-- Opening Marker --
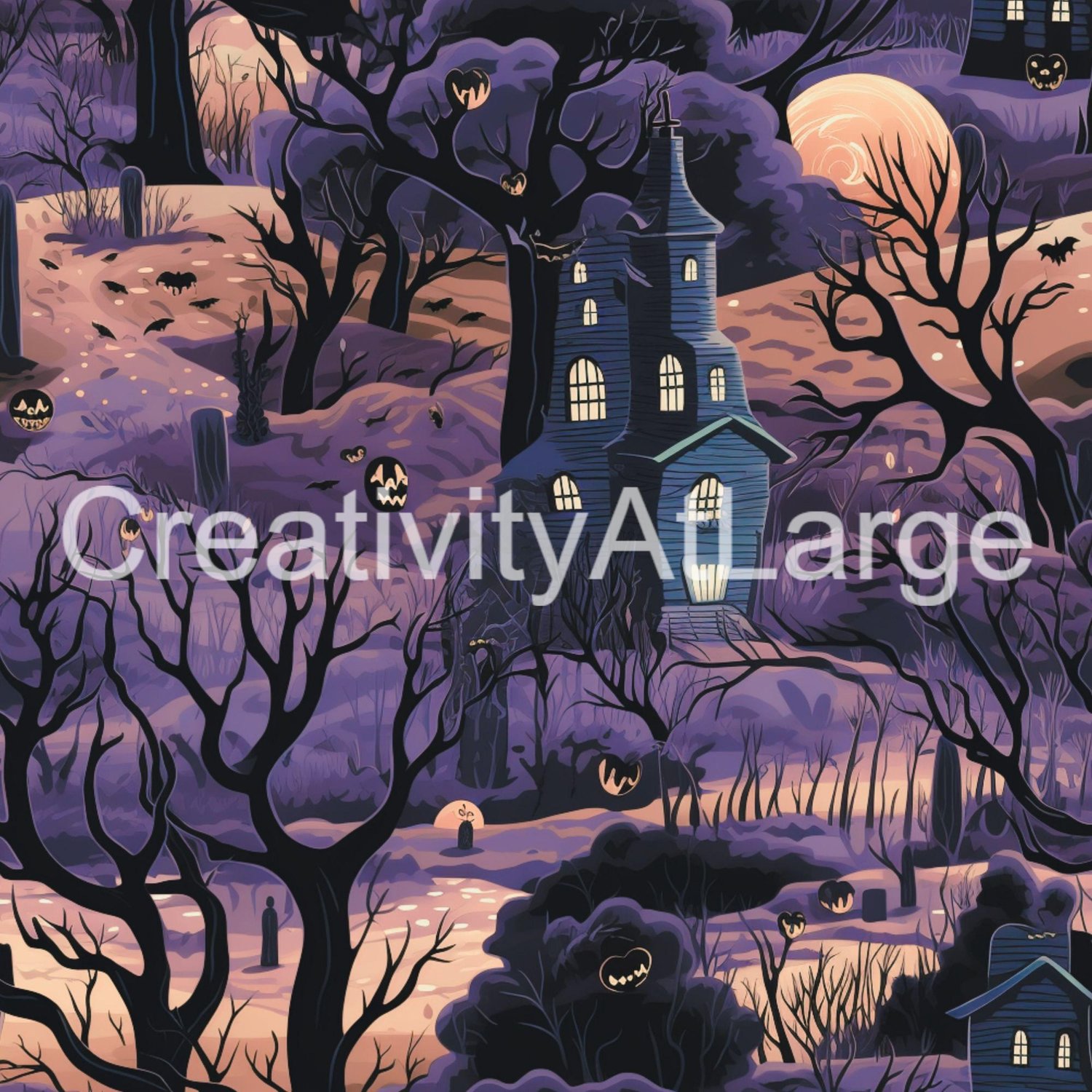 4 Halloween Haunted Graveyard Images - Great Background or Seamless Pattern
-- Closing Marker --
-- Opening Marker --
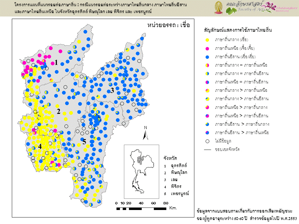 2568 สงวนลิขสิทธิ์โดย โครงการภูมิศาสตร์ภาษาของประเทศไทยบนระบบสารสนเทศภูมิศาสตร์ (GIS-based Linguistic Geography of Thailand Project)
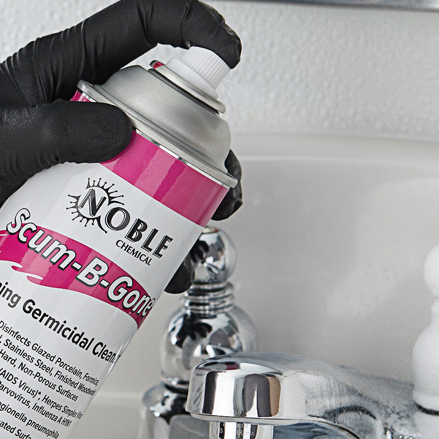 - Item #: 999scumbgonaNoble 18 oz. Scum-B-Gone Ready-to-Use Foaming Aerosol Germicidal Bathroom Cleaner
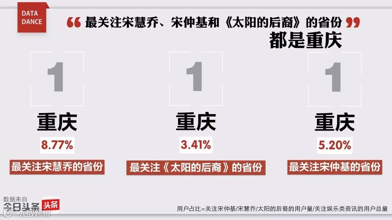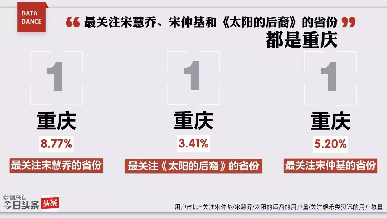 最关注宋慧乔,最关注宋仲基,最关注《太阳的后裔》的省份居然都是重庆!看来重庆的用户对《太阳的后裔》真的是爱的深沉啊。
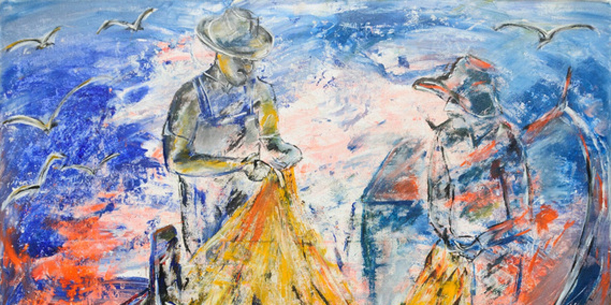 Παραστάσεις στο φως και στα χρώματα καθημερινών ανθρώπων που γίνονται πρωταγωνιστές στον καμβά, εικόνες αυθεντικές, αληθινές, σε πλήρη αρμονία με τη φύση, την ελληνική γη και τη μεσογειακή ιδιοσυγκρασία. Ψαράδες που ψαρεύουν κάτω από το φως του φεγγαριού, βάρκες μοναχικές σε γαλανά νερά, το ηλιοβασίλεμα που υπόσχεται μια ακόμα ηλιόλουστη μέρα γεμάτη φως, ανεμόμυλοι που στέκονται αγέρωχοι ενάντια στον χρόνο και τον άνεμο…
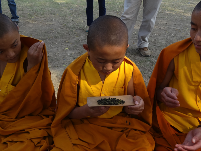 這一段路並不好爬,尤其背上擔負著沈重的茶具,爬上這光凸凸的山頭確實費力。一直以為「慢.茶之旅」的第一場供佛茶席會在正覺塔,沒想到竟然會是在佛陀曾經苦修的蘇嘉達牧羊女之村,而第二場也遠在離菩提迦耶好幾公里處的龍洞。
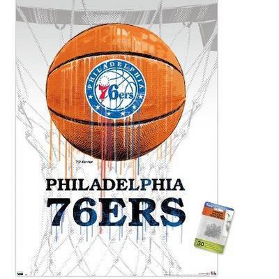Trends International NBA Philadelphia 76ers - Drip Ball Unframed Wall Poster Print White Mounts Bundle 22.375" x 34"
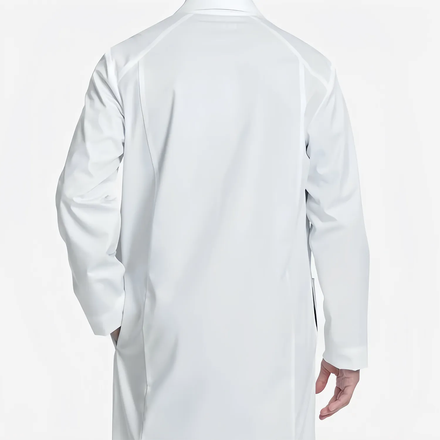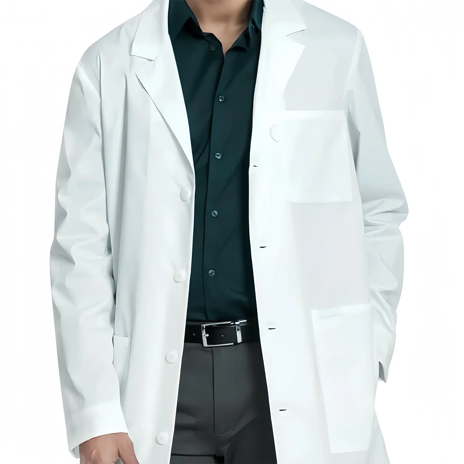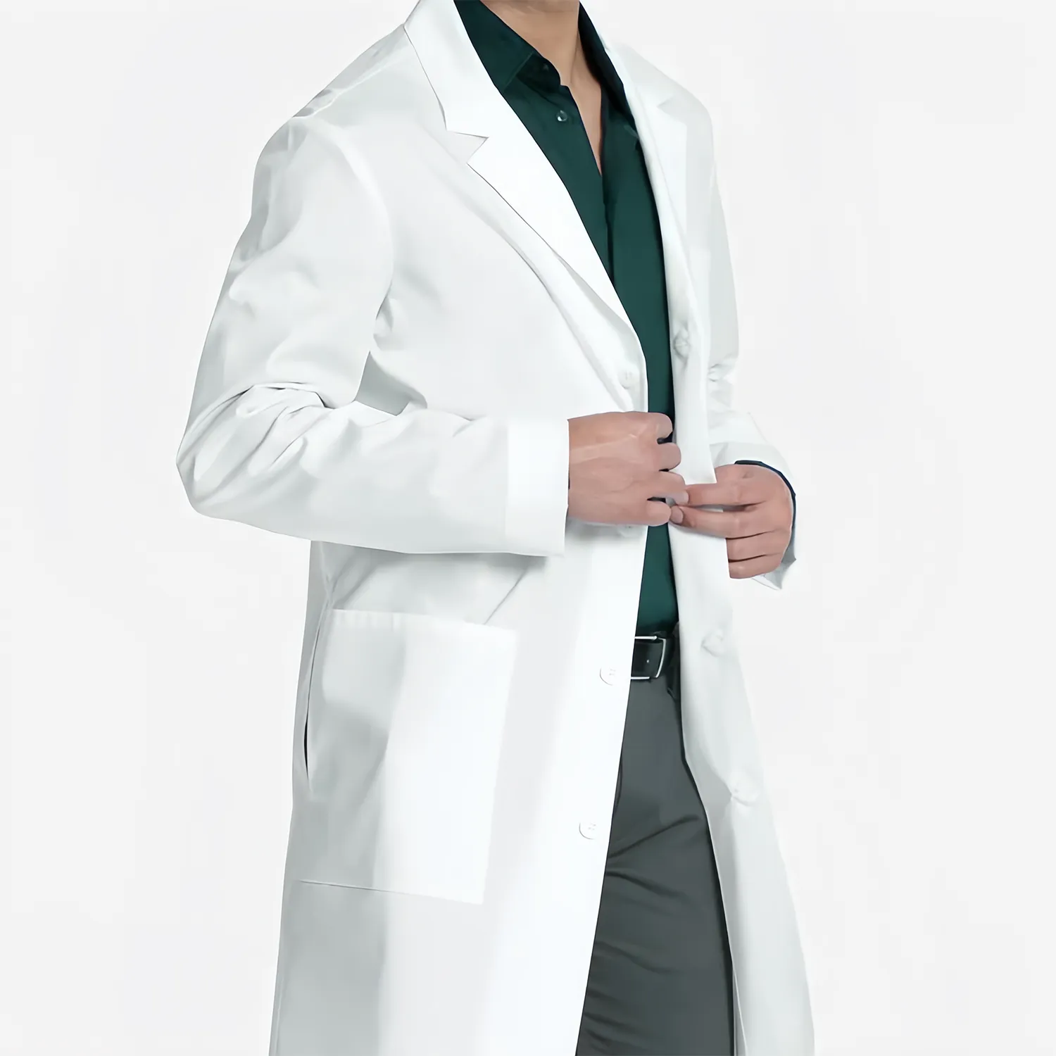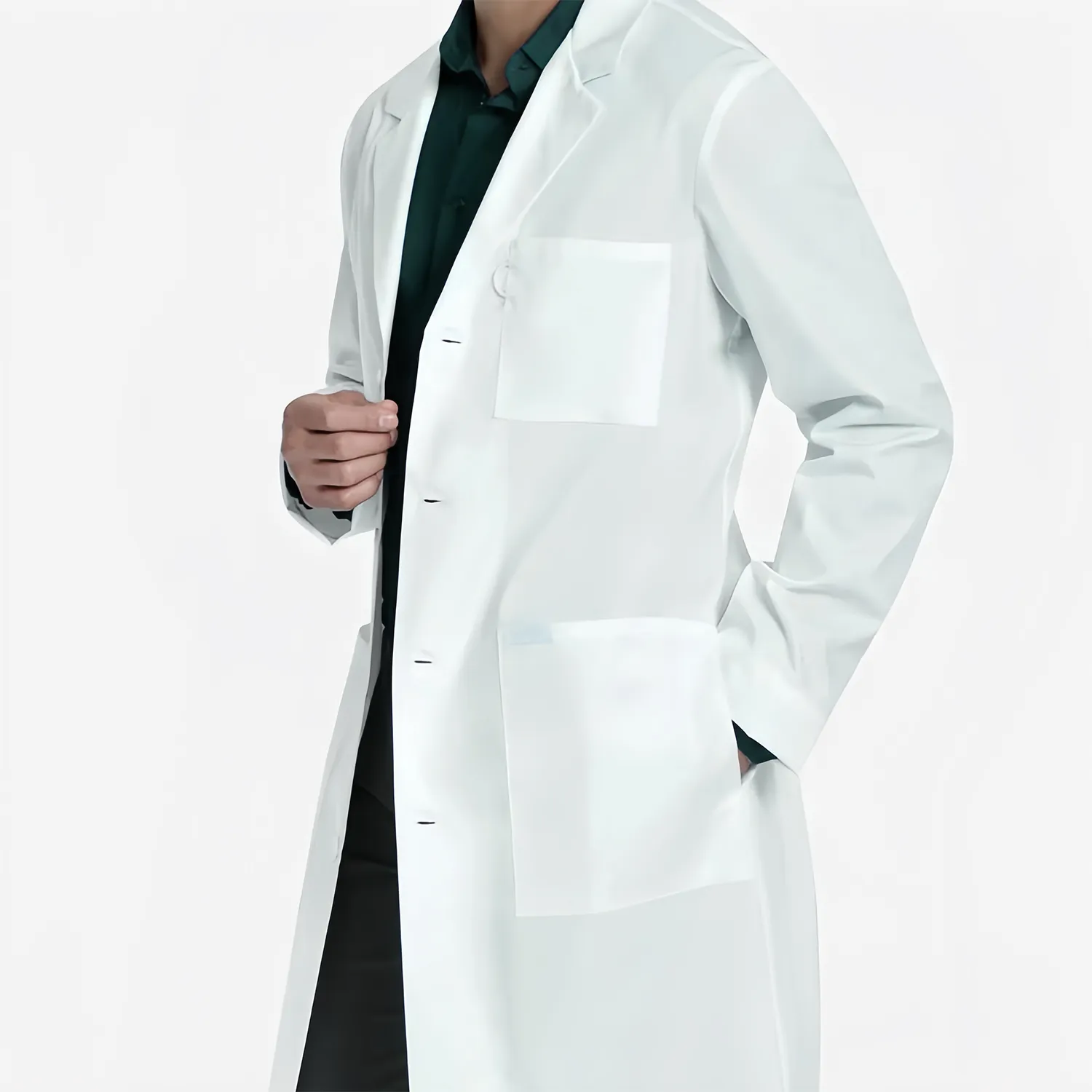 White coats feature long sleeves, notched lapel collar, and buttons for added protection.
-- Closing Marker --
Skipping the pictures, print the lines in the listing above exactly as written, starting at the line with "of Thailand Project)" and ending at the line with "- Item #: 999scumbgonaNoble", both included.

 2568 สงวนลิขสิทธิ์โดย โครงการภูมิศาสตร์ภาษาของประเทศไทยบนระบบสารสนเทศภูมิศาสตร์ (GIS-based Linguistic Geography of Thailand Project)
 - Item #: 999scumbgonaNoble 18 oz. Scum-B-Gone Ready-to-Use Foaming Aerosol Germicidal Bathroom Cleaner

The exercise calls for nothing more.